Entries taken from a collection
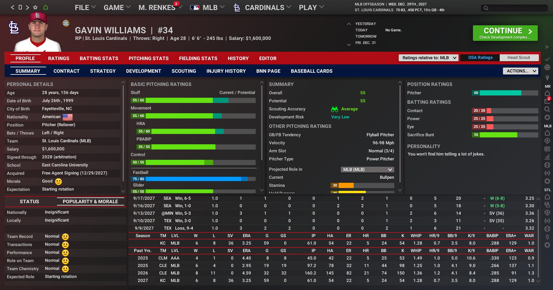 Williams broke into the majors in 2023 with Cleveland and during that time has pitched in 142 games/83 starts going 26-38 with 36 saves and a 3.90 ERA.
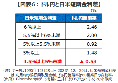 ■1995年12月末以降、約28年間のデータを見ると、日米の短期金利差(3カ月物の銀行間取引金利)が5%超の時期、ドル円の3カ月(60営業日)の騰落率は平均約1.48%のドル高となっています。また、より細かいレンジで見ると、金利差が拡大するほどドル高の傾向が強まります。しかし、同金利差が5%を下回り、4.5%以上5%未満のレンジに切り下がると、ドル円の騰落率は同約0.53%のドル安となっています(図表6)。
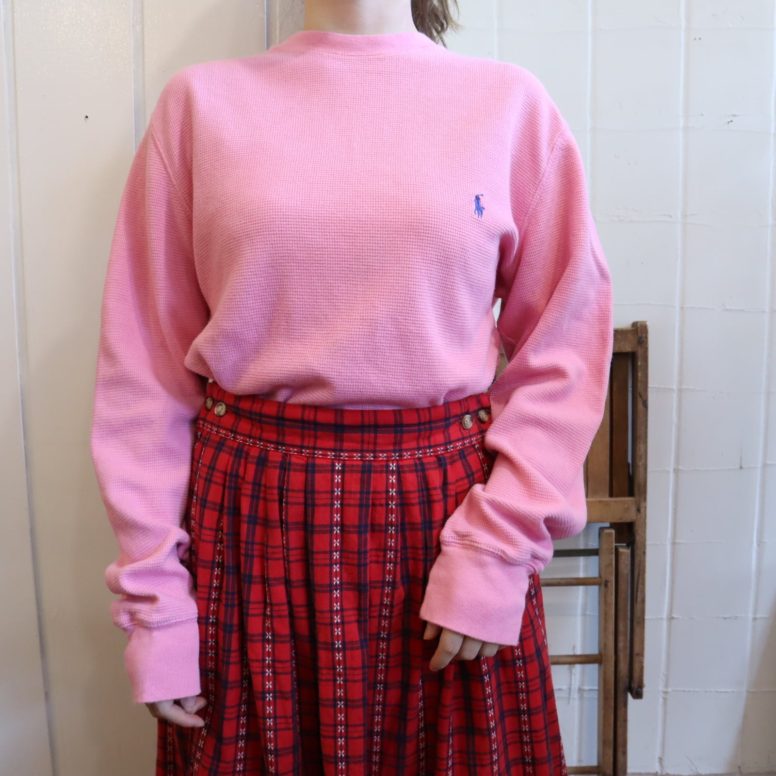 パキっと明るいピンクが可愛いラルフローレンのサーマルトップス。
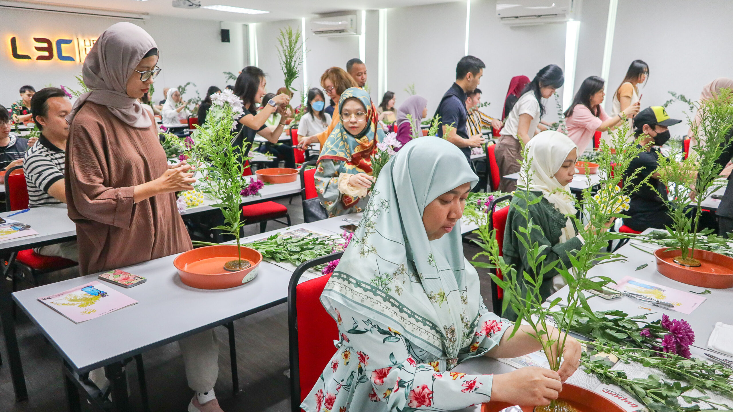 Elegance and creativity were on full display during the Sogetsu Ikebana Workshop at the Lifelong Learning Centre (L3C) in Lambak Kanan. Ninety participants joined the workshop on the true art of flower arrangement from certified Sogetsu Ikebana instructors from Japan. This was also under the arrangement by the Asahi Cross Cultural Exchange (ACCI).
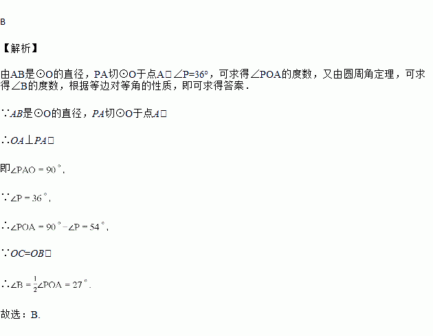 如图,AB是⊙O的直径,点P是⊙O外一点,PO交⊙O于点C,连接BC、PA.若∠P=36°,PA与⊙O相切,则∠B等于( )
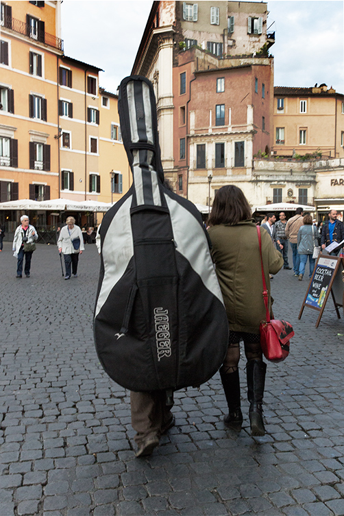 Proverei una conversione in B/N, e non solo per rendere le gambine più uniformi al resto del "corpo": sono portato a credere che ci sia la possibilità di innescare un gioco di ripetizioni tra le porte e le finestre dei palazzi sullo sfondo, e la porzione di fodero corrispondente al manico dello strumento.
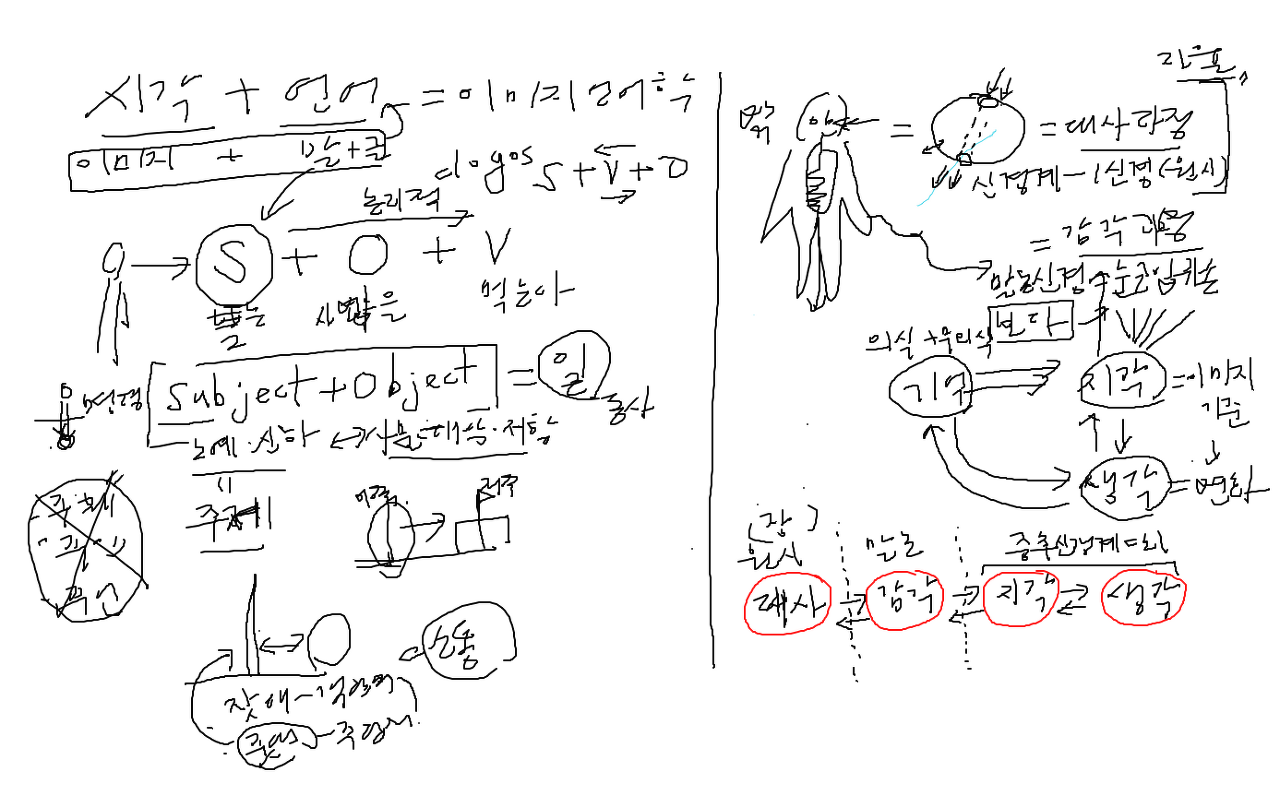 대사 과정은 자율신경계에서 이루어집니다. 고장나지 않는 이상 전혀 의식하지 않죠. 그나마 우리가 의식적으로 느낄 수 있는 것은 감각과 지각입니다. 그리고 이 감각과 지각 그리고 생각이 시각언어에 있어 아주 중요한 판단 근거가 될 수 있습니다. 지금 여러분이 읽고 있는 매체는 문자입니다. 문자언어는 시간적 맥락으로 소통되고 이해되는 매체입니다. 음악처럼요. 반면 이미지는 공간적 맥락으로 소통되고 이해되는 매체입니다. 시간적 맥락은 의식을 작동시킵니다. 그래서 문자와 음악매체는 생각을 자극하죠. 반면 공간적 맥락은 무의식적입니다. 즉각적으로 느낌이 오죠. 즉 이미지 매체는 지각을 자극합니다.
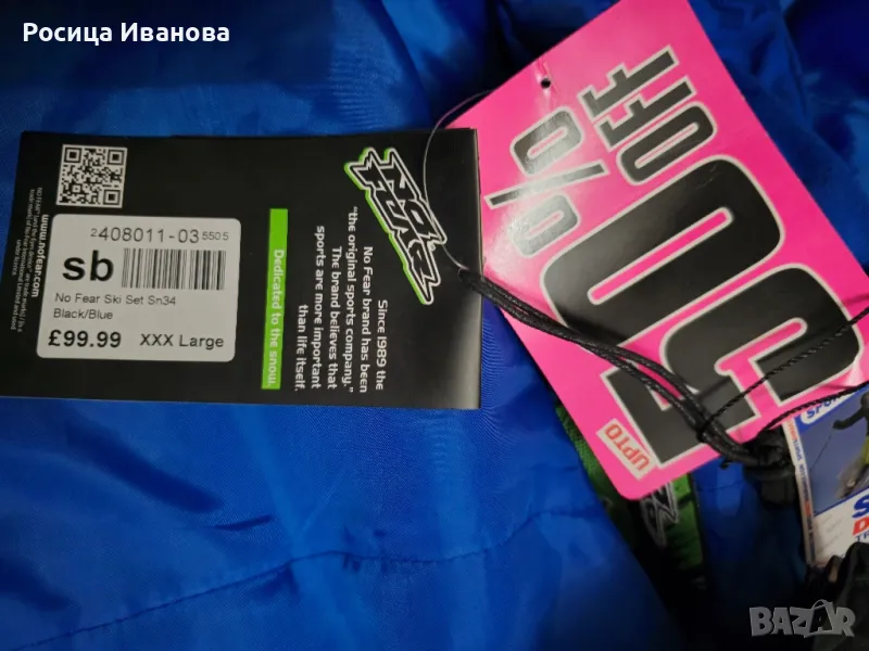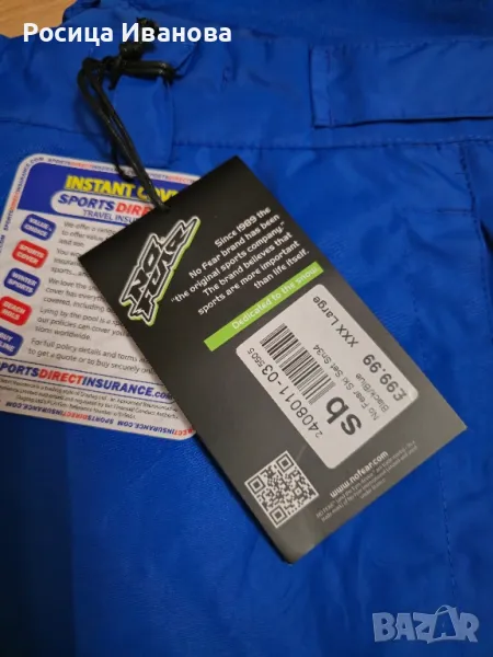 No Fear мъжки ски екип, размер 2XL, макар че по етикет е 3 XL. Якето е черно с турско синя подплата, а панталона е турско син. Нов, никога не е обличан.
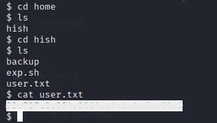 The user flag was obtained at “/home/hish/user.txt”.
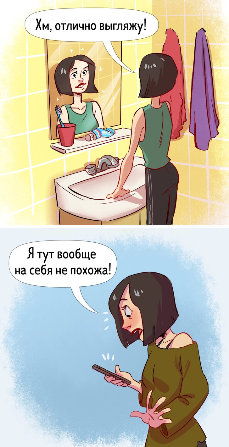 Объясняется все достаточно легко: мы привыкли к своему необъемному и оттого немного искаженному изображению в зеркале. А то, к чему человек привык, обычно вызывает у него симпатию — мозг не особо любит сюрпризы. Поэтому нам не нравятся наши фотографии, ведь они сделаны практически в 3D, и потому на них лучше видна природная несимметричность наших лиц и тел.
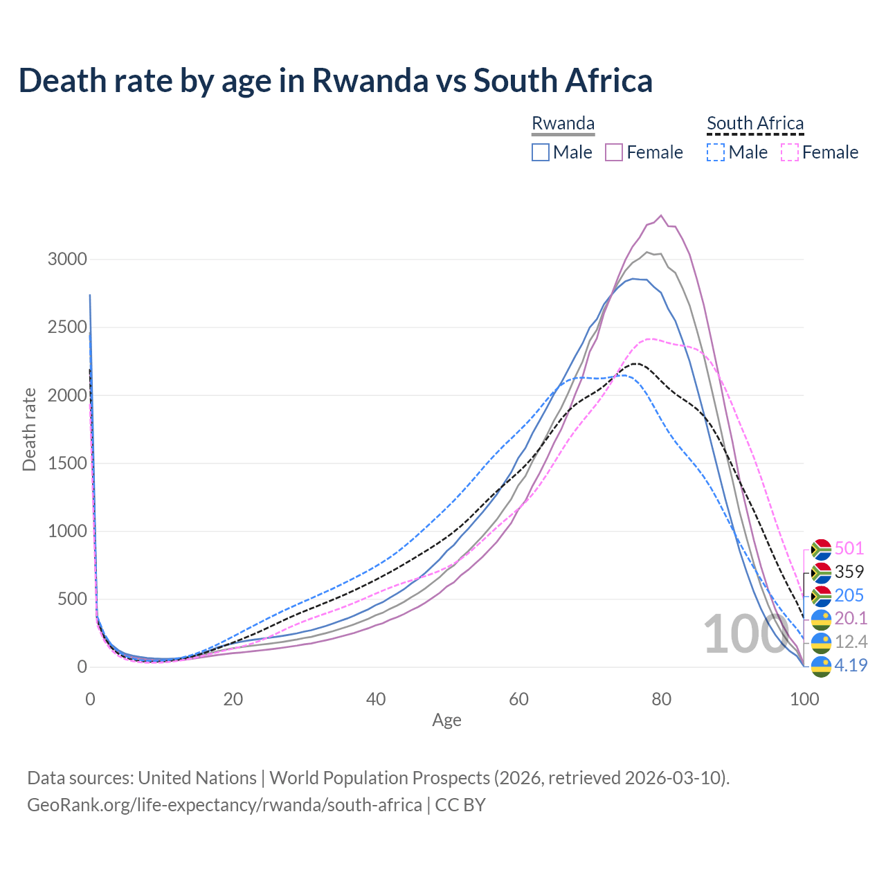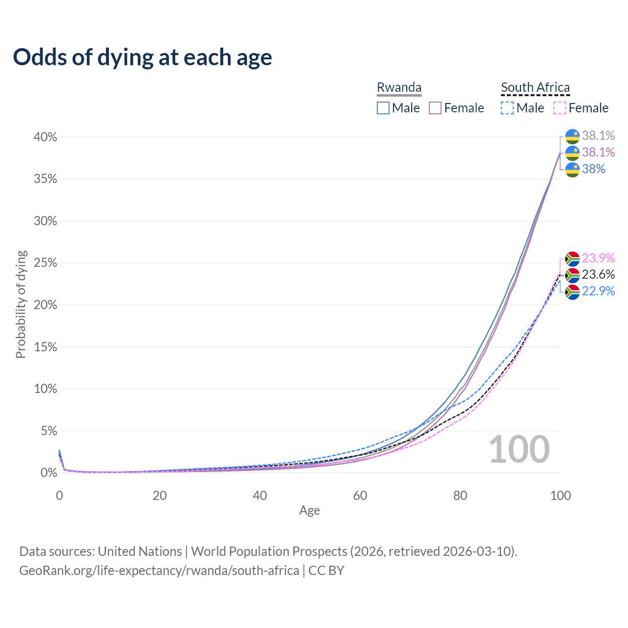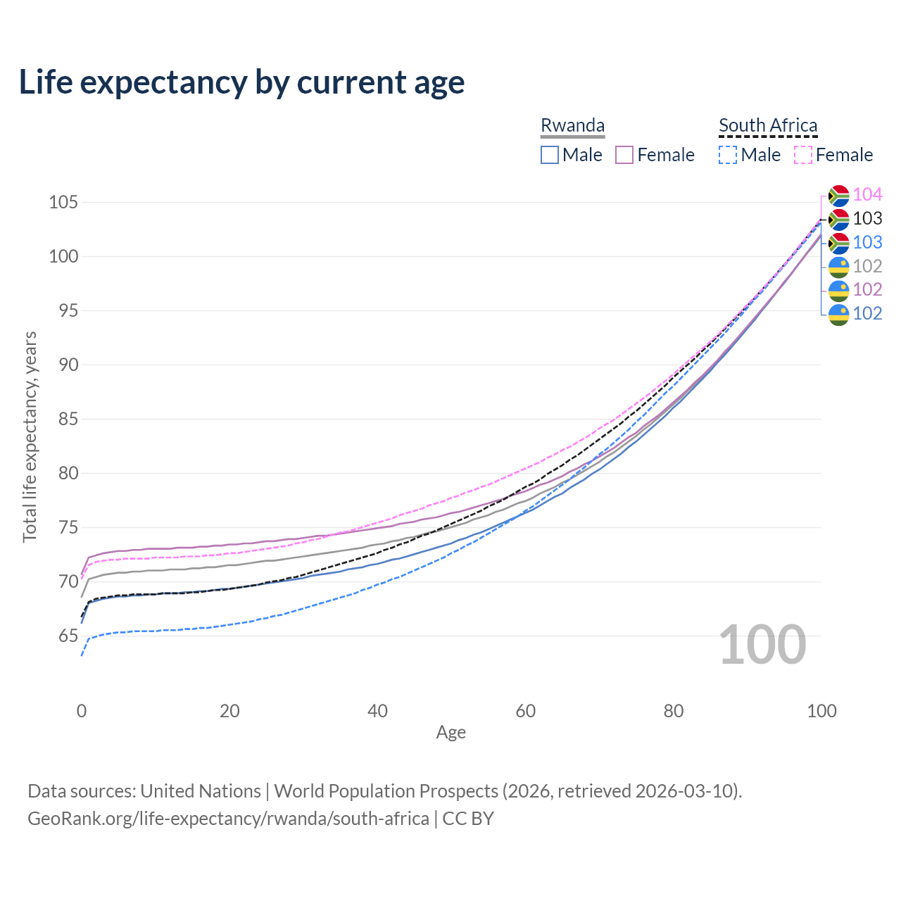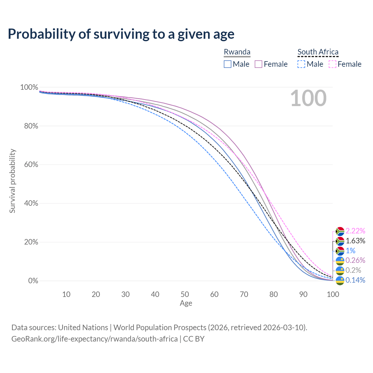 This life expectancy calculator shows the odds of living to 100, 95, 90, and below based on current age for both males and females in Rwanda and South Africa, along with mean and median age of death. The calculations are based on the 2026 life tables (actuarial tables) from the UN World Population Prospects.
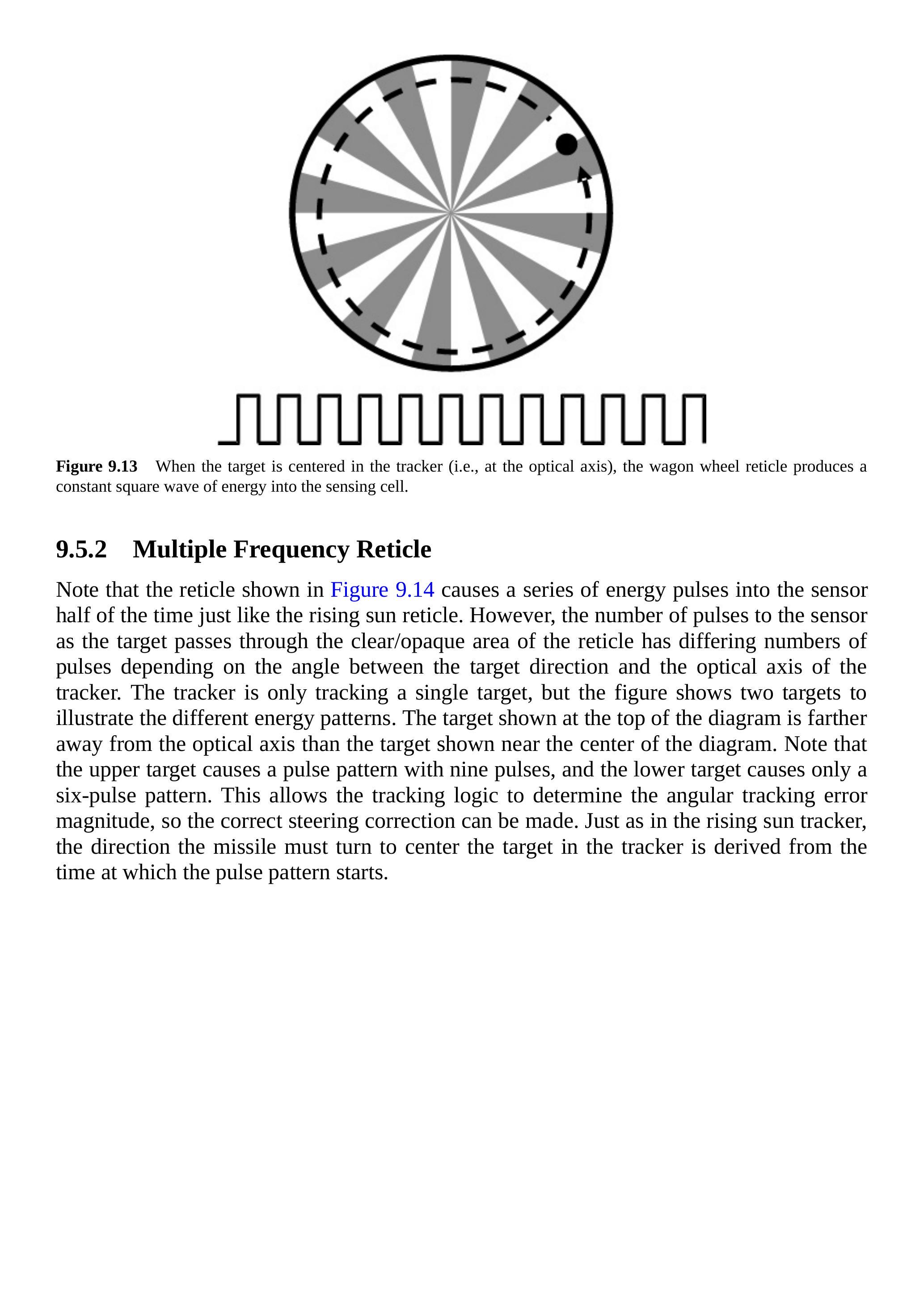 马车轮光栅不是旋转的,而是摆动(nutated),以形成圆锥扫描模式。这使得目标在跟踪窗口内呈圆形移动。如图 9.12 所示,当目标偏离轴线时,进入感应单元的能量呈现多次不均匀脉冲。要将目标置于跟踪器中心,必须将跟踪器光学轴沿最窄脉冲的反方向移动。注意,当目标位于跟踪器光学轴中心时,光栅的透明与不透明部分会使传感器接收到恒定方波能量,如图 9.13 所示。图 9.9 中的旭日光栅会随着目标接近光学轴而使每个脉冲能量减小,当跟踪器直接瞄准目标时产生零信号。马车轮光栅的优点是目标居中时信号强。

• [WHAT THIS TASK INVOLVES] One exact copy of the data, no pictures: write it out line for line.

• [EXERCISE SOLUTION]
 Williams broke into the majors in 2023 with Cleveland and during that time has pitched in 142 games/83 starts going 26-38 with 36 saves and a 3.90 ERA.
 ■1995年12月末以降、約28年間のデータを見ると、日米の短期金利差(3カ月物の銀行間取引金利)が5%超の時期、ドル円の3カ月(60営業日)の騰落率は平均約1.48%のドル高となっています。また、より細かいレンジで見ると、金利差が拡大するほどドル高の傾向が強まります。しかし、同金利差が5%を下回り、4.5%以上5%未満のレンジに切り下がると、ドル円の騰落率は同約0.53%のドル安となっています(図表6)。
 パキっと明るいピンクが可愛いラルフローレンのサーマルトップス。
 Elegance and creativity were on full display during the Sogetsu Ikebana Workshop at the Lifelong Learning Centre (L3C) in Lambak Kanan. Ninety participants joined the workshop on the true art of flower arrangement from certified Sogetsu Ikebana instructors from Japan. This was also under the arrangement by the Asahi Cross Cultural Exchange (ACCI).
 如图,AB是⊙O的直径,点P是⊙O外一点,PO交⊙O于点C,连接BC、PA.若∠P=36°,PA与⊙O相切,则∠B等于( )
 Proverei una conversione in B/N, e non solo per rendere le gambine più uniformi al resto del "corpo": sono portato a credere che ci sia la possibilità di innescare un gioco di ripetizioni tra le porte e le finestre dei palazzi sullo sfondo, e la porzione di fodero corrispondente al manico dello strumento.
 대사 과정은 자율신경계에서 이루어집니다. 고장나지 않는 이상 전혀 의식하지 않죠. 그나마 우리가 의식적으로 느낄 수 있는 것은 감각과 지각입니다. 그리고 이 감각과 지각 그리고 생각이 시각언어에 있어 아주 중요한 판단 근거가 될 수 있습니다. 지금 여러분이 읽고 있는 매체는 문자입니다. 문자언어는 시간적 맥락으로 소통되고 이해되는 매체입니다. 음악처럼요. 반면 이미지는 공간적 맥락으로 소통되고 이해되는 매체입니다. 시간적 맥락은 의식을 작동시킵니다. 그래서 문자와 음악매체는 생각을 자극하죠. 반면 공간적 맥락은 무의식적입니다. 즉각적으로 느낌이 오죠. 즉 이미지 매체는 지각을 자극합니다.
 No Fear мъжки ски екип, размер 2XL, макар че по етикет е 3 XL. Якето е черно с турско синя подплата, а панталона е турско син. Нов, никога не е обличан.
 The user flag was obtained at “/home/hish/user.txt”.
 Объясняется все достаточно легко: мы привыкли к своему необъемному и оттого немного искаженному изображению в зеркале. А то, к чему человек привык, обычно вызывает у него симпатию — мозг не особо любит сюрпризы. Поэтому нам не нравятся наши фотографии, ведь они сделаны практически в 3D, и потому на них лучше видна природная несимметричность наших лиц и тел.
 This life expectancy calculator shows the odds of living to 100, 95, 90, and below based on current age for both males and females in Rwanda and South Africa, along with mean and median age of death. The calculations are based on the 2026 life tables (actuarial tables) from the UN World Population Prospects.
 马车轮光栅不是旋转的,而是摆动(nutated),以形成圆锥扫描模式。这使得目标在跟踪窗口内呈圆形移动。如图 9.12 所示,当目标偏离轴线时,进入感应单元的能量呈现多次不均匀脉冲。要将目标置于跟踪器中心,必须将跟踪器光学轴沿最窄脉冲的反方向移动。注意,当目标位于跟踪器光学轴中心时,光栅的透明与不透明部分会使传感器接收到恒定方波能量,如图 9.13 所示。图 9.9 中的旭日光栅会随着目标接近光学轴而使每个脉冲能量减小,当跟踪器直接瞄准目标时产生零信号。马车轮光栅的优点是目标居中时信号强。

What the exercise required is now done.